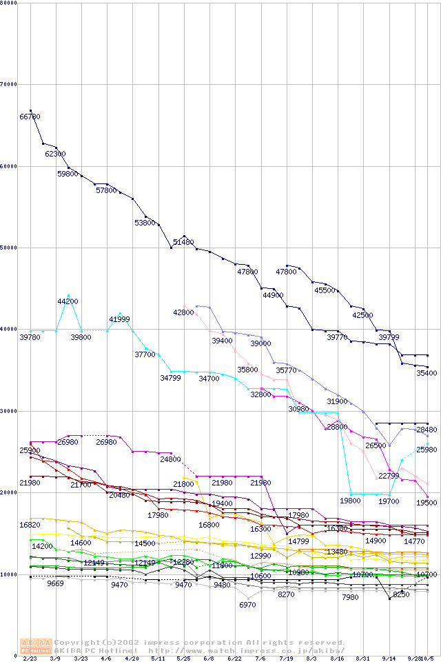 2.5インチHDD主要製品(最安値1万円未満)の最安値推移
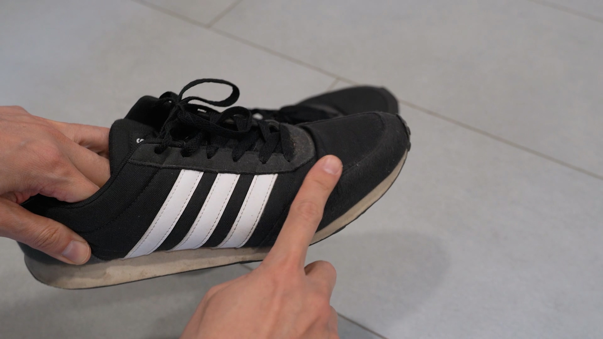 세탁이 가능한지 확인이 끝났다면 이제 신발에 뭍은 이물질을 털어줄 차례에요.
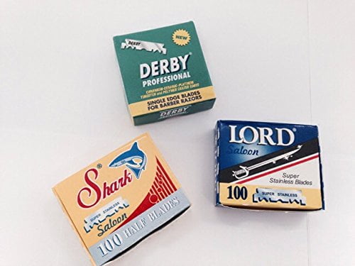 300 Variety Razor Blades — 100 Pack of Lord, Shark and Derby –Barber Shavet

→ WORK TO COMPLETE:
Could the data be reproduced exactly, with the pictures omitted?

→ ANSWER AREA:
 2.5インチHDD主要製品(最安値1万円未満)の最安値推移
 세탁이 가능한지 확인이 끝났다면 이제 신발에 뭍은 이물질을 털어줄 차례에요.
 300 Variety Razor Blades — 100 Pack of Lord, Shark and Derby –Barber Shavet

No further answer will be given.